Тот не ответил, но, судя по тому рвению, с каким он начал своим ножом копать землю, можно было сообразить, что он и понял, и одобрил план своего косого товарища.

Тёмная, душная ночь покрывала их усердное дело, и только усиленное сопение свидетельствовало об их старании. В какой-нибудь час они подкопали столб, затем Поспелко сунул рыжему в руки толстую орясину, и скоро крепкий столб выдвинулся, оторвав обшивку, и грохнулся наземь.

— А теперь и назад, — сказал Поспелко, — надо думать, что ратные люди не доглядят до завтра, а там — ищи ветра в поле!

— И воистину ты — Поспелко, — с чувством удивления перед умом своего приятеля сказал рыжий.

— А ты — дубье стоеросовое! — ответил, ухмыляясь, Поспелко, но тотчас же переменил тон. — Федька десять рублей обещал?

— Десять! — подтвердил рыжий.

— Кому говорил-то!

— Май сказывал; опять Распута слышал.

— То-то!

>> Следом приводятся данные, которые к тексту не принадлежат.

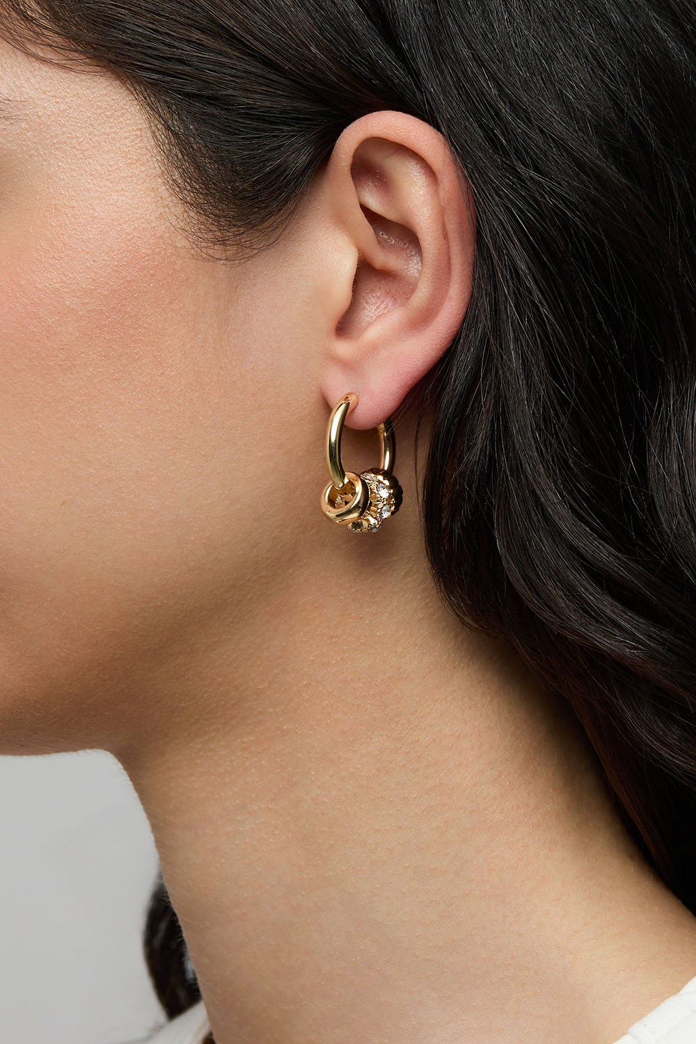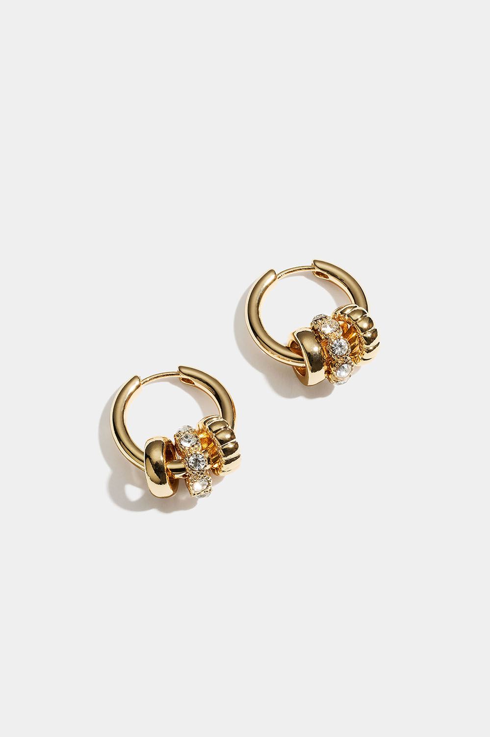 Hoops i guldfärgad metall med tre runda dekorativa berlocker. Örhängena kommer med en slät, en ribbad och en skimrande med glasstenar.
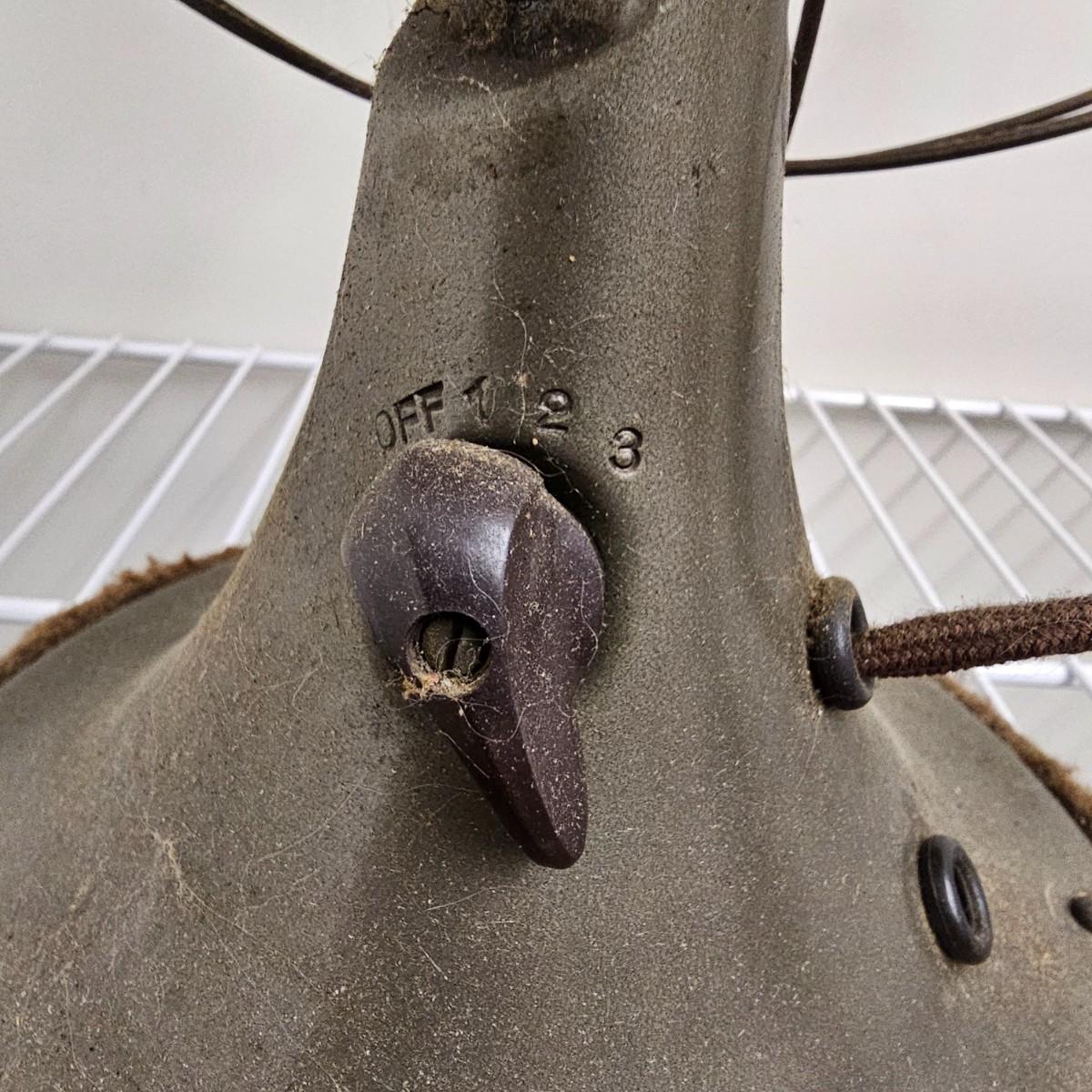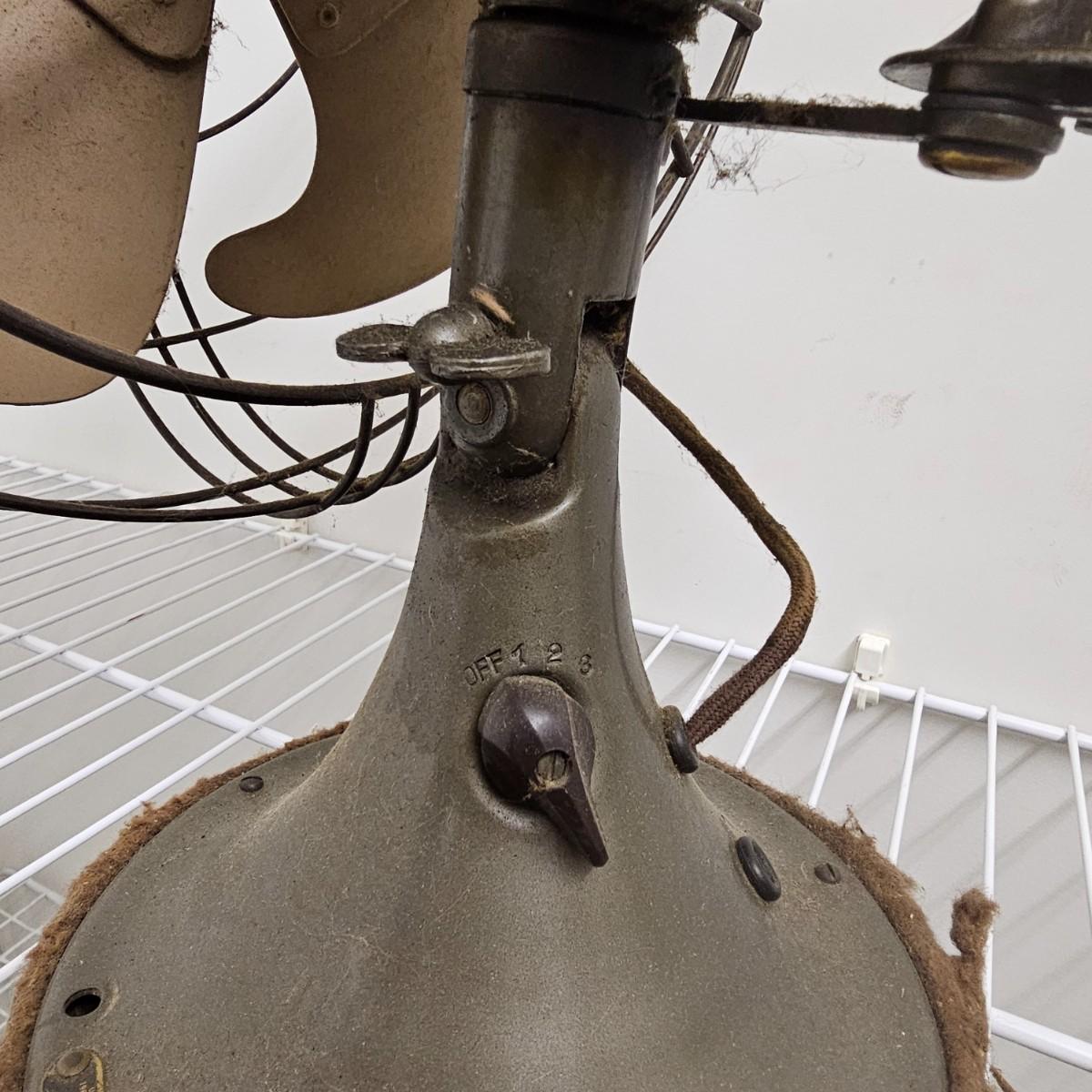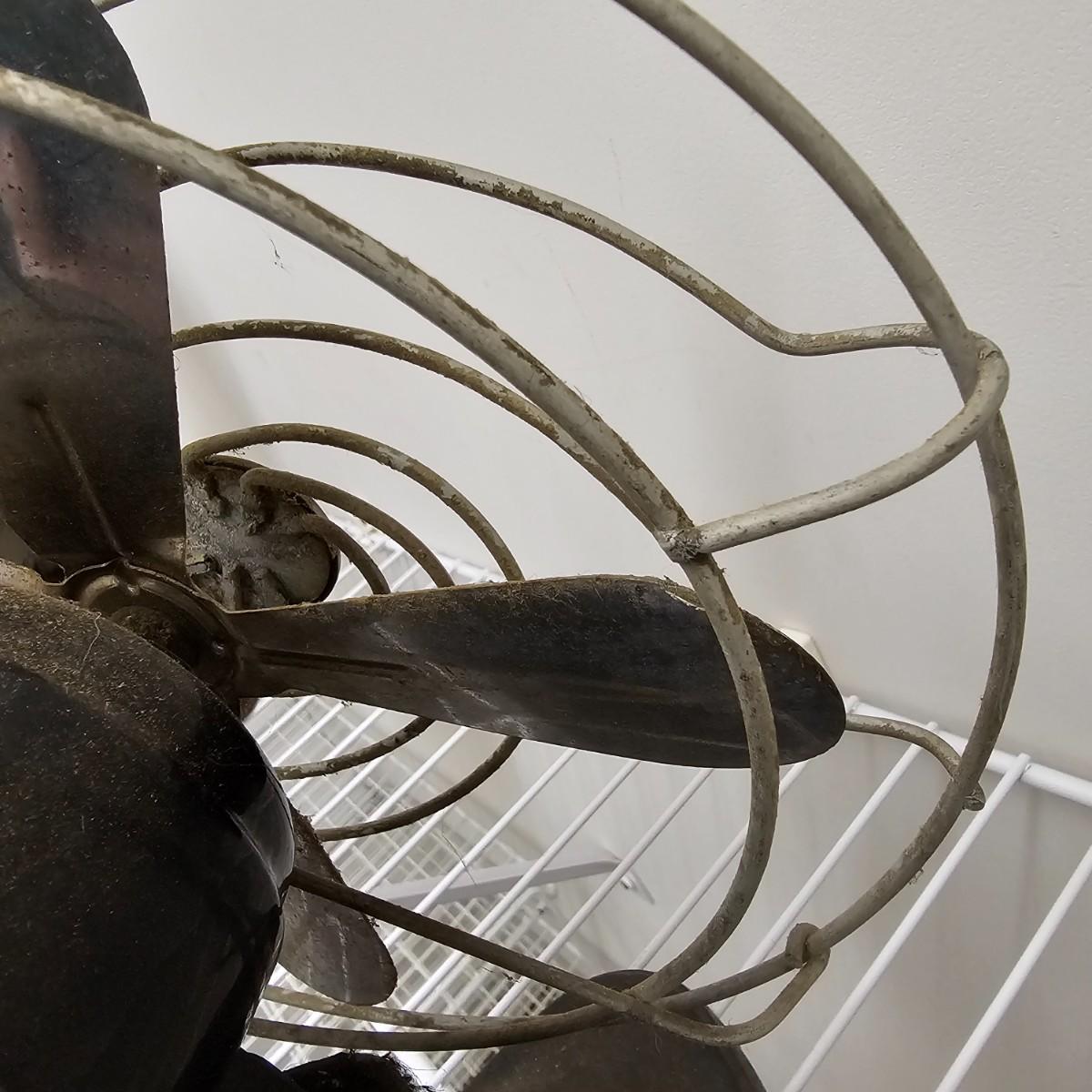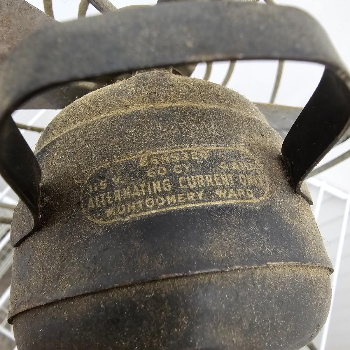 Two older style tabletop fans with all metal construction, wire cages and more. Smaller unit is from Montgomery Ward, measures 10" x 7" x 10.5"H. Cord is old cloth covered style, but fan did power on when plugged in. Some rust and discoloration on base and blades. Larger piece is a General Electric Vortalux model with gray/gold coloring. Has variable speed on switch and also an oscillating mechanism. Unable to test as there is no plug cord. Measures 10" x 7" x 10.5"H. Usual dirt and dust for these items. See photos for details. Shipping available. Shipping can be costly. We suggest contacting our preferred local shipping provider, Postage Express, with dimensions and getting an estimate before bidding: (828) 255-9250 or email shipping@postageexpressnc.com

А то он живо и в нетях[10].

— Ну, от нас не уйдёт.

— Из Нижнего Новгорода ушёл.

— А здесь встретился!

Они вышли на чистый двор и, отойдя от мощёной дороги, легли под дерево на траву. Подле них огромной чёрной тушей лежал медведь, привязанный к дереву, и тут же на длинной привязи бродила коза. Сон сковал двух приятелей, и вся усадьба погрузилась в сон.

Едва летнее солнце взошло на небо, как всё проснулось и зашевелилось в усадьбе. Сенные девушки под досмотром более пожилой Натальи принялись за своё рукоделие, Степаныч, громыхая связкою ключей, полез по амбарам и кладовушкам, отпуская то овёс, то крупу, то масло. Поднялась княгиня и со своим первенцем, в домовой церковке, под гнусавое пение и чтение дьячка, жившего у них при усадьбе, стала слушать обедню. Потом она отпустила Мишу с несколькими девушками поиграть до полдника, а сама пошла в свой терем и села за пяльцы.

— А где скоморохи? — спросила она свою постельницу.

— Ушли, матушка-княгинюшка, чем свет ушли, — ответила та.

В тереме наступила тишина; только слышно было, как костяная игла с лёгким скрипом проходит через материю да мухи с жужжанием носятся по душной горнице. Из раскрытого окна стал уже вливаться знойный воздух, когда княгиня со стороны сада услышала тревожные переклики девушек, приставленных к Мише, и вдруг вскочила, охваченная неясным предчувствием горя. Минуту спустя она стояла на крыльце, бледная, взволнованная, и её волнение мигом передалось всей дворне.

— Где же, где? — повторяла в нетерпеливом томлении княгиня.

Дуня повалилась ей в ноги и завыла в голос.

— Матушка-княгиня, бей нас, слуг негодных!.. Упустили мы нашего сокола, найти не можем! Может — шалит, может — беда приключилася.

— Миша! — не своим голосом закричала княгиня и вмиг очутилась в саду. — Очи мои светлые, сердце моё, Мишенька, откликнись! — стонала она, метаясь уже, как безумная.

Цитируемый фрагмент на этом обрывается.